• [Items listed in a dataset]
-------------------------

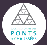
Ecole Nationale des Ponts et Chaussées

Le concours commun Mines-Ponts est ouvert pour l'admission des élèves-ingénieurs dans les 10 grandes écoles suivantes :
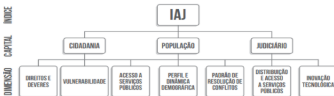
Figura 1 – Representação esquemática do índice de Acesso à Justiça e seus componentes
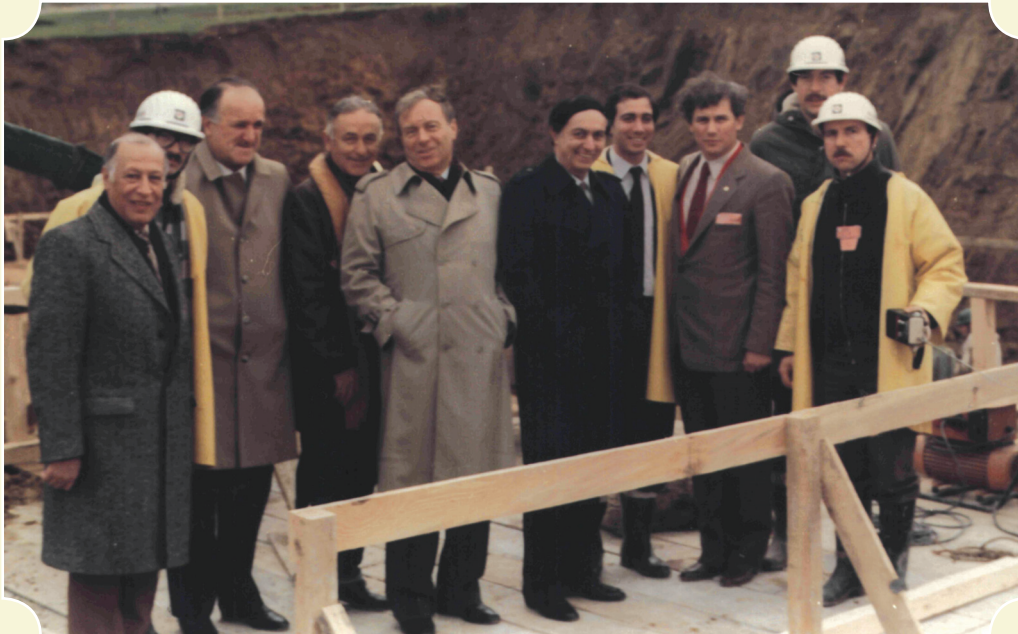
Alkent Etiler - 1985
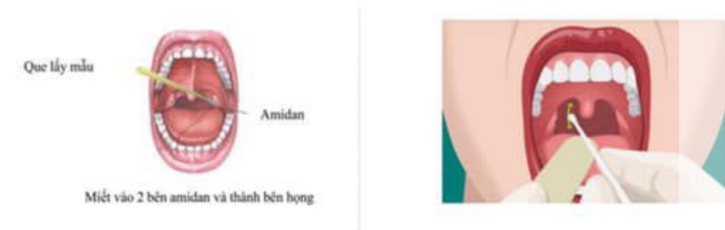
Hình 2: Lấy mẫu ngoáy dịch họng
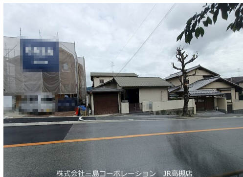
株式会社三島コーポレーション JR高槻店

-------------------------

• [Work to complete] Begin at the line containing "Alkent Etiler - 1985" and write out every line to the end of the data exactly. Skip the pictures.

• [Response to this exercise]
Alkent Etiler - 1985
Hình 2: Lấy mẫu ngoáy dịch họng
株式会社三島コーポレーション JR高槻店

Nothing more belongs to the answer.